Finance ministers meeting in Brussels on Monday agreed to double the size of a fund set up for future bailouts of eurozone countries.

A permanent rescue fund to be established from the beginning of 2013 will have an effective capacity of 500 billion euros ($675 billion), said Jean-Claude Juncker, head of the eurogroup of finance ministers.

"I would think that this will be enough," said Juncker after talks.

Jean-Claude Juncker
Juncker said he felt satisfied with the planned fund's capacityImage: picture alliance / dpa

The current fund, known as the European Financial Stability Facility, is effectively a 440-billion-euro guarantee from eurozone governments.

However, only about 250 billion euros of this can be made available. The rest remains as collateral, allowing eurozone states to borrow money at rates that make it viable for them to lend.

The size of the fund would be subject to review at least every two years.

Juncker, who is also Prime Minister of Luxembourg, said that further talks would be needed to continue reforms to make supervision of eurozone member state budgets more rigorous.

Franco-German ideas draw criticism

In addition, he said, discussions were necessary on a "competitiveness pact" proposed by Berlin and Paris in return for their commitment to the future funding arrangement.
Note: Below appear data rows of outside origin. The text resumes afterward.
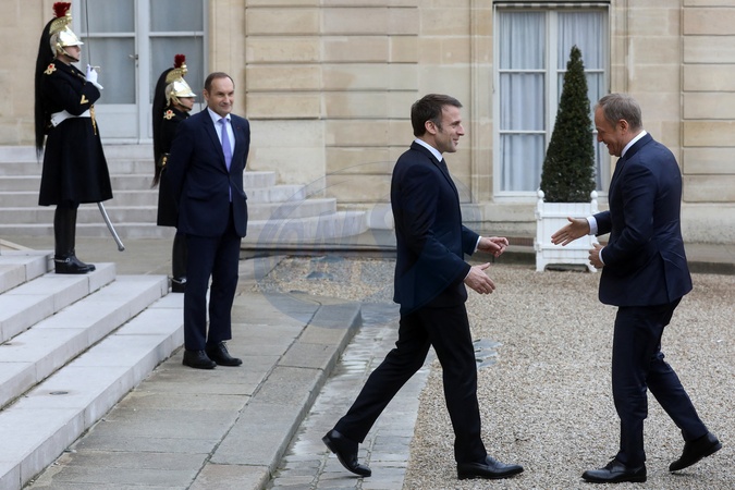 Le président Emmanuel Macron recoit Donald Tusk, Président du Conseil des ministres de Pologne pour un déjeuner de travail au palais de l'Elysée à Paris
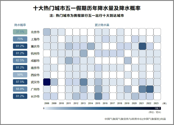 我們選取了攜程旅行公布的五一假期十大熱門旅游目的地,來(lái)看看自2008年以來(lái),熱門出行城市下雨的概率有多少?降水量大不大?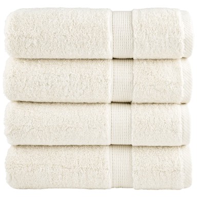Ručnici za kupanje idealni su za kućnu i komercijalnu upotrebu. - Super mekan i vrhunski materijal: Ručnici napravljeni su od 100 % prstenasto ispredenog pamuka, koji je mekan, izdržljiv i otporan na blijeđenje. Certificirani su prema STANDARDU 100 od strane OEKO-TEX-a i testirani na štetne tvari, što ih čini pouzdanima i sigurnima za upotrebu. - Upijajuće: Zbog mekane pamučne tkanine Ručnici za kupanje bolje apsorbiraju i mogu upiti više vode tijekom čišćenja. - Praktična petlja za vješanje: Svaki od ovih ručnika dolazi s pričvršćenom petljom za vješanje, što olakšava njihovo spremanje na kuke ili držače za ručnike. - Perivi u perilici: Ovi pamučni ručnici za kupanje savršeno su sigurni za strojno pranje i mogu se lako oprati toplom vodom i blagim sapunom. - Višenamjenska upotreba: Ručnici svojom mekoćom i izdržljivošću zadovoljavaju različite potrebe. Ovi su ručnici višenamjenski i pouzdani za tretmane ljepote ili svakodnevne poslove čišćenja. - Boja: Krem - Materijal: 100 % pamuk - Veličina: 100 x 150 cm (Š x D) - Vrhunska kvaliteta - 600 gsm - Certificirano prema STANDARDU 100 od strane OEKO-TEX-a - Strojno perivo - Isporuka sadrži: - 4 x ručnik za kupanje

"Nothing is agreed until everything is agreed," said Juncker.

Leaked drafts of the Franco-German pact reveal plans for European harmonization on matters including retirement age and corporate tax accounting.
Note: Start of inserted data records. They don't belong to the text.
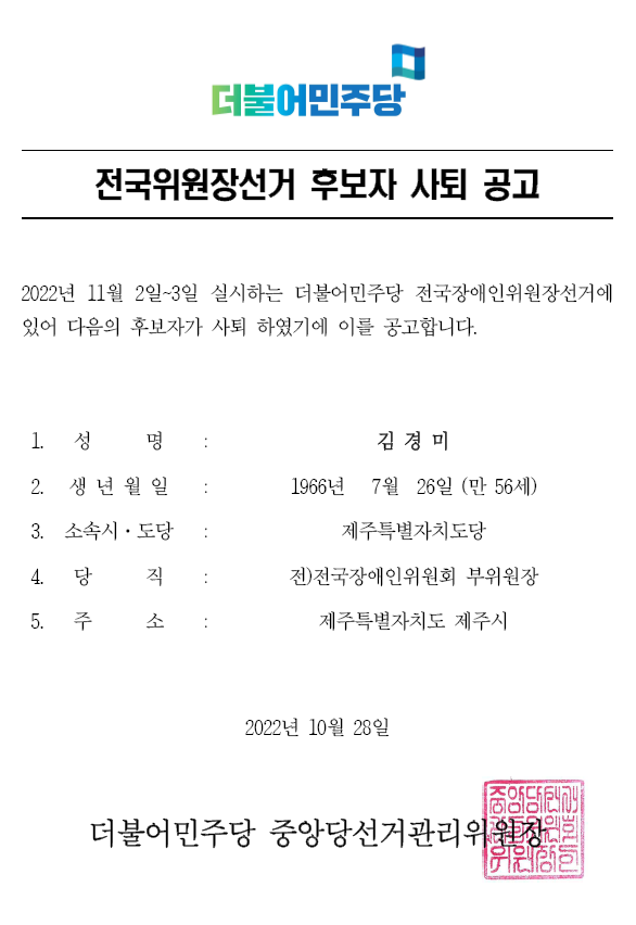 전국위원장 선거 후보자 사퇴 공고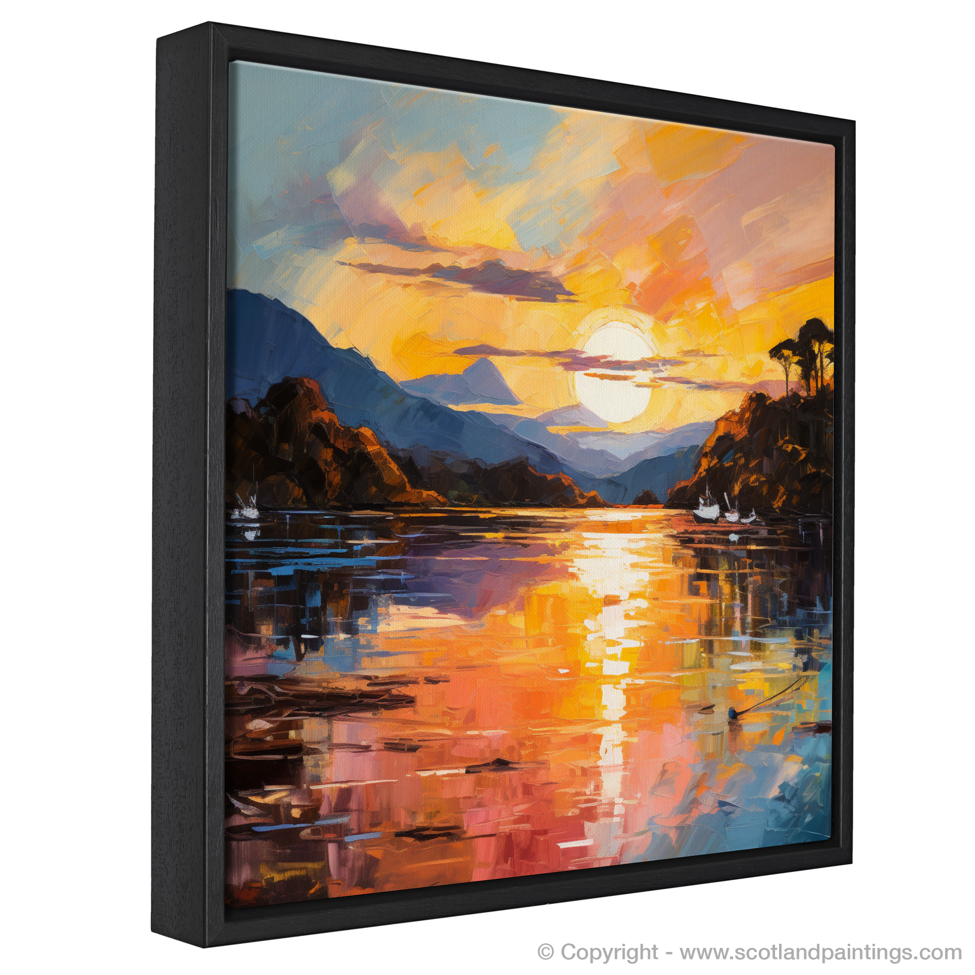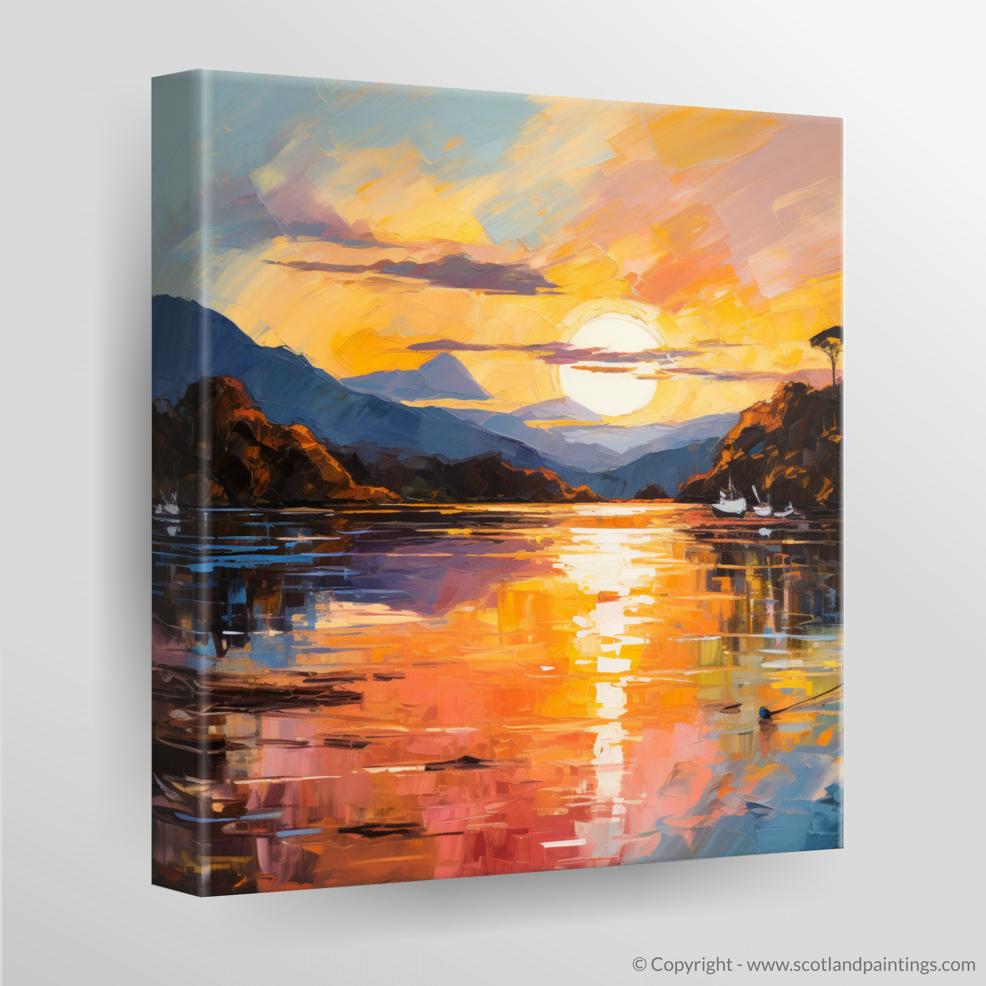 Captured within this expressive piece is the breathtaking beauty of Loch Lomond bathed in the enchanting light of the golden hour. The vivacious strokes and vibrant palette echo the tumultuous emotions of nature, seamlessly blending the fiery oranges, warm yellows, and cool blues that dance across the canvas. The sun, a radiant orb, dips towards the mountainous horizon, casting its reflection over the tranquil waters, which ripple with colours of molten gold and rose-tinted hues.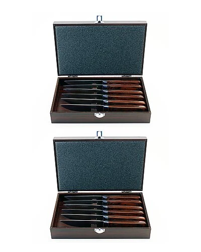 - Design details: Set Includes: 12pc Knife set with 2 wooden storage cases. The steak knives are triple-riveted Pakka wood handle ensures superior balance and comfort. The carving-style blade makes cutting meat and poultry effortless. Forged of high-carbon stainless steel.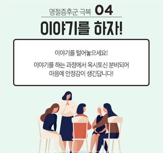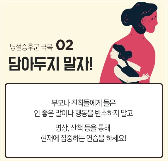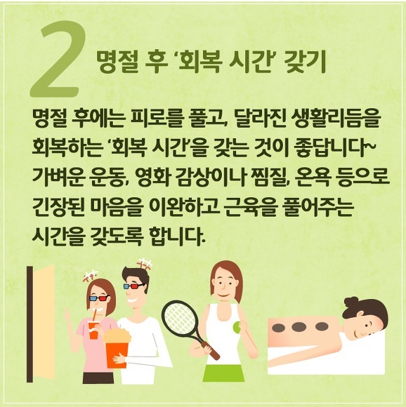명절증후군은 신체적 피로뿐 아니라 정신적 피로를 동반하는 경우가 많습니다. 기분이 우울하고 무기력해지며, 짜증이 쉽게 나는 등 정신적 스트레스가 발생할 수 있으며 오랜만에 만난 가족, 친척들로부터 받는 지나친 관심과 간섭이 오히려 스트레스가 되는 경우가 있습니다. 정신적 피로가 심하면 불면증과 같은 현상이 발생할 수 있는데 사전에 규칙적인 생활을 유지해 생체리듬을 미리 회복해주는 것이 중요합니다.

A pensioner taking money out of a container
The competitiveness pact proposes harmonization of retirement agesImage: picture-alliance/ ZB

The pact has attracted criticism from some EU countries because of the bilateral nature of the way it was drawn up by France and Germany, as well as a perceived lack of detail.
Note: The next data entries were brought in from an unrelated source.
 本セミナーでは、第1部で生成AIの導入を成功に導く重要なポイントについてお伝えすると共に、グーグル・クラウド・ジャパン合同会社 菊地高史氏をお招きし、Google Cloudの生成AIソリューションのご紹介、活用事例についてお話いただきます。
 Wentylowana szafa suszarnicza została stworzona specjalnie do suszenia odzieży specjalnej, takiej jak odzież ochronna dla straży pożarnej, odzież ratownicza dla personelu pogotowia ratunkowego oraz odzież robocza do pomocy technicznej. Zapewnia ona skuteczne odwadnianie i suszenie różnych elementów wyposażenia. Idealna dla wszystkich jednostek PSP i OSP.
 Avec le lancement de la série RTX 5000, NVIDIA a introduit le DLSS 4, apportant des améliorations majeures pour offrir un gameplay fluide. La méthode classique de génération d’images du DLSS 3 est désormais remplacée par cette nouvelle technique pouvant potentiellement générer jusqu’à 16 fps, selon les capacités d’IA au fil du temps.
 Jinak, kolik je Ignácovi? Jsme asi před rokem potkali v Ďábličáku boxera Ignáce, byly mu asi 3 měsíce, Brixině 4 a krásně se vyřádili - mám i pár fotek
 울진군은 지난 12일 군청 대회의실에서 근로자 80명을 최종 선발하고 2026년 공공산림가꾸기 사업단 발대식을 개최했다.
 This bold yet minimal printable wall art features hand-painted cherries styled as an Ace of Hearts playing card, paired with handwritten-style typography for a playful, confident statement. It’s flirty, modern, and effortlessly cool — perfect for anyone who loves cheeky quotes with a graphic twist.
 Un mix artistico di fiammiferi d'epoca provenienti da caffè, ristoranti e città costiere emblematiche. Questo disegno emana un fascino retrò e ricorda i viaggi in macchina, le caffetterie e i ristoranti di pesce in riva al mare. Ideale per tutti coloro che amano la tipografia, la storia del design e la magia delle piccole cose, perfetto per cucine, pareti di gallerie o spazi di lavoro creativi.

Freezing of Egyptian assets on agenda

EU diplomatic sources said that a request had been made by Egypt for the freezing of assets of several Egyptian officials, following the resignation of President Hosni Mubarak. However, the former president was not believed to have been on the list.

France and Britain have both proposed that the issue be discussed at the talks on Tuesday.

Britain - which is not part of the eurozone but which did contribute to a bailout fund for Ireland - was represented at the eurogroup meeting because of the relevance of the rescue fund topic to the wider EU.

A further meeting of eurozone leaders is to take place on March 11 in Brussels with the possibility of an additional meeting ten days later, ahead of an EU-wide summit beginning on March 24.